Work order. Please make an exact copy of the listing, without the pictures.
Start of Supplied data
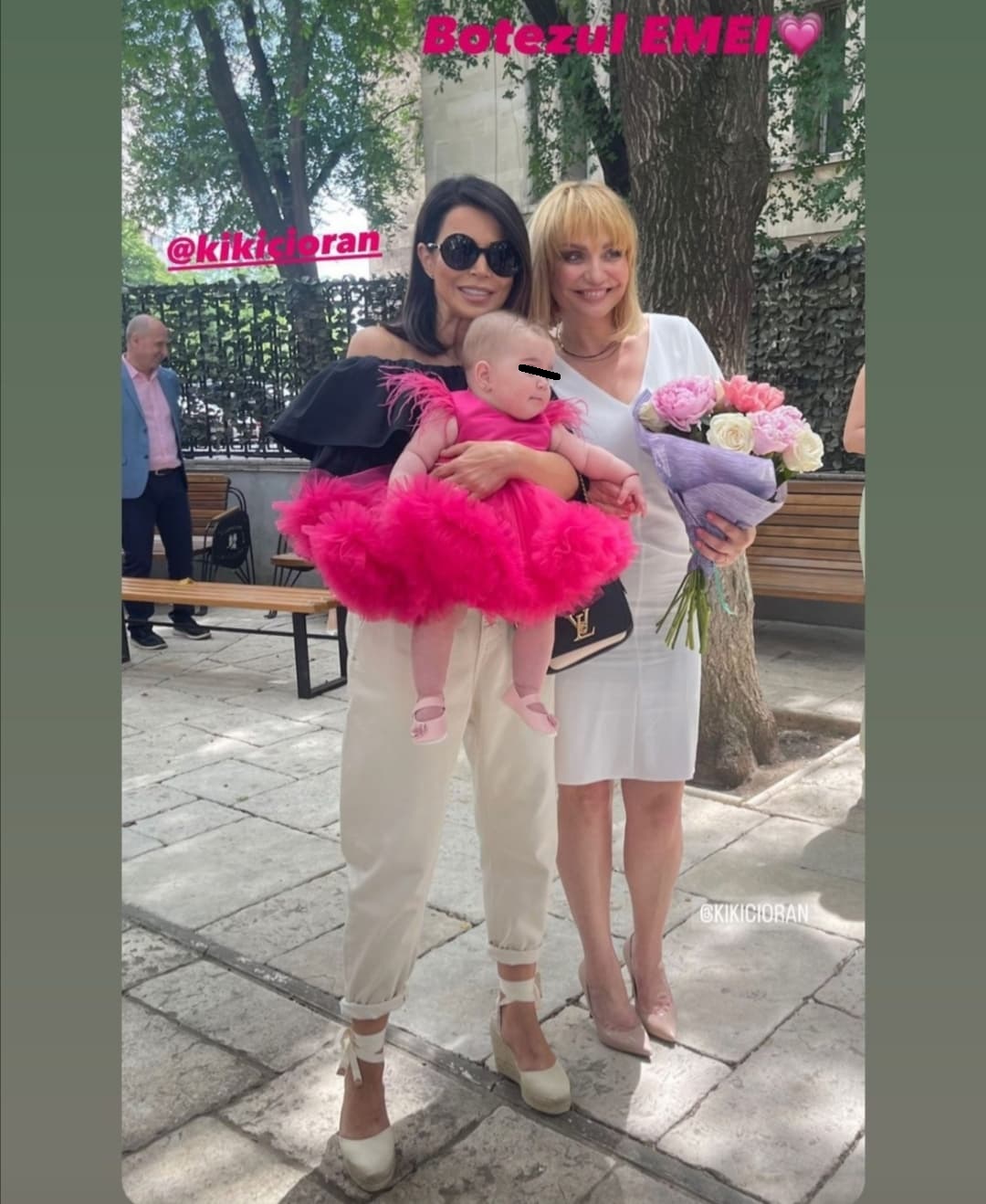 Știrista, îndrăgostită de Ema, nu s-a putut abține și a făcut o fotografie cu fata Cristinei Cioran, ținând-o în brațe, zâmbitoare și relaxantă, la fel cum a fost și ținuta sa. Vedeta a optat pentru un top negru și pantaloni albi, la fel ca și încălțămintea, un machiaj simplu, per total, având o imagine de zile mari.
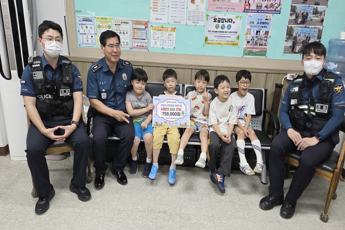 이날 사랑의성금 전달식에는 동부파출소 임채성 소장(경감)과 직원들이 함께 참석하여, 어린이들이 궁금해하는 것을 재미있게, 이야기를 해주기도 해서, 아이들을 마냥 즐겁게 해주었다.
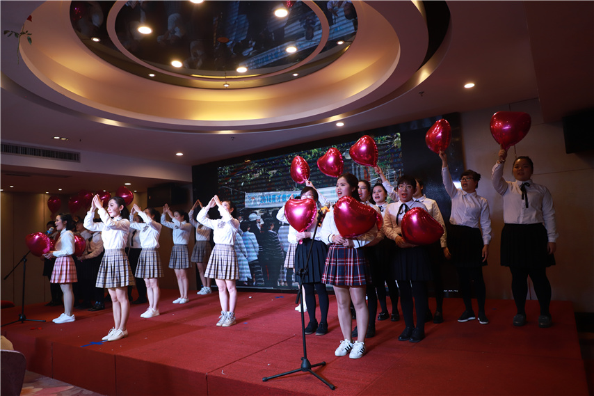 整臺(tái)晚會(huì)散發(fā)著鮮明的青春氣息和濃郁的企業(yè)文化,歌聲、歡笑聲、喝彩聲、掌聲把整個(gè)現(xiàn)場(chǎng)匯成一片歡樂海洋。壓軸節(jié)目是來自教學(xué)中心的合唱暨手語舞《和你一樣》,節(jié)目營(yíng)造出溫馨感人的氛圍,讓人沉浸其中,晚會(huì)就此落下帷幕。晚會(huì)結(jié)束后,全體演員和嘉賓代表進(jìn)行了合影留念。
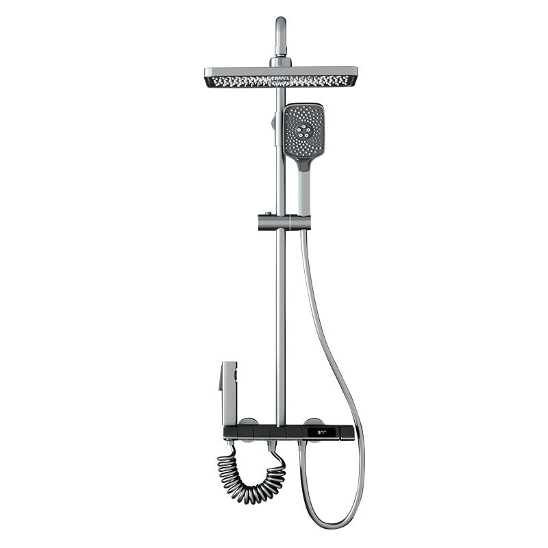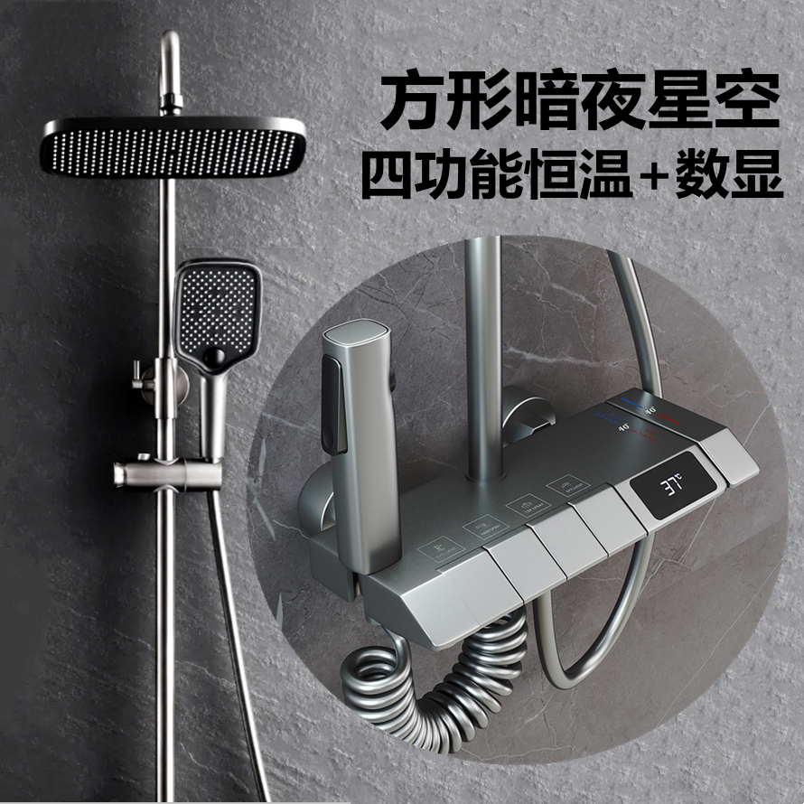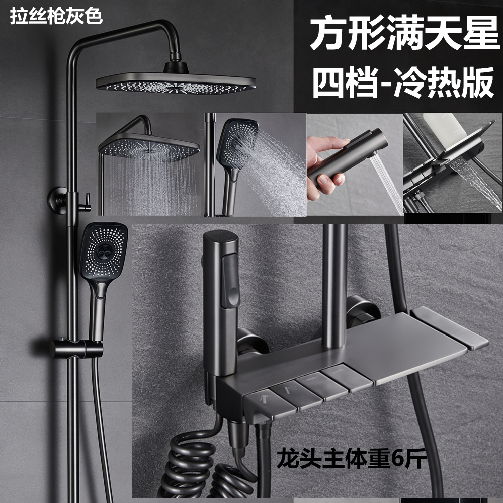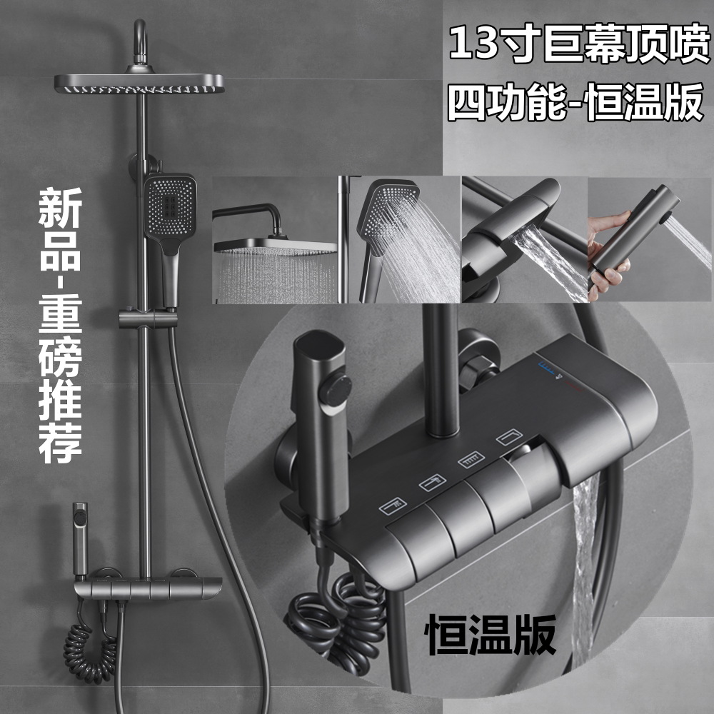 German Gun Grey Piano Key Shower Head Shower Kit Bathroom full copper thermostatic number of hot and cold booster shower
End of Supplied data
Answer.
 Știrista, îndrăgostită de Ema, nu s-a putut abține și a făcut o fotografie cu fata Cristinei Cioran, ținând-o în brațe, zâmbitoare și relaxantă, la fel cum a fost și ținuta sa. Vedeta a optat pentru un top negru și pantaloni albi, la fel ca și încălțămintea, un machiaj simplu, per total, având o imagine de zile mari.
 이날 사랑의성금 전달식에는 동부파출소 임채성 소장(경감)과 직원들이 함께 참석하여, 어린이들이 궁금해하는 것을 재미있게, 이야기를 해주기도 해서, 아이들을 마냥 즐겁게 해주었다.
 整臺(tái)晚會(huì)散發(fā)著鮮明的青春氣息和濃郁的企業(yè)文化,歌聲、歡笑聲、喝彩聲、掌聲把整個(gè)現(xiàn)場(chǎng)匯成一片歡樂海洋。壓軸節(jié)目是來自教學(xué)中心的合唱暨手語舞《和你一樣》,節(jié)目營(yíng)造出溫馨感人的氛圍,讓人沉浸其中,晚會(huì)就此落下帷幕。晚會(huì)結(jié)束后,全體演員和嘉賓代表進(jìn)行了合影留念。
 German Gun Grey Piano Key Shower Head Shower Kit Bathroom full copper thermostatic number of hot and cold booster shower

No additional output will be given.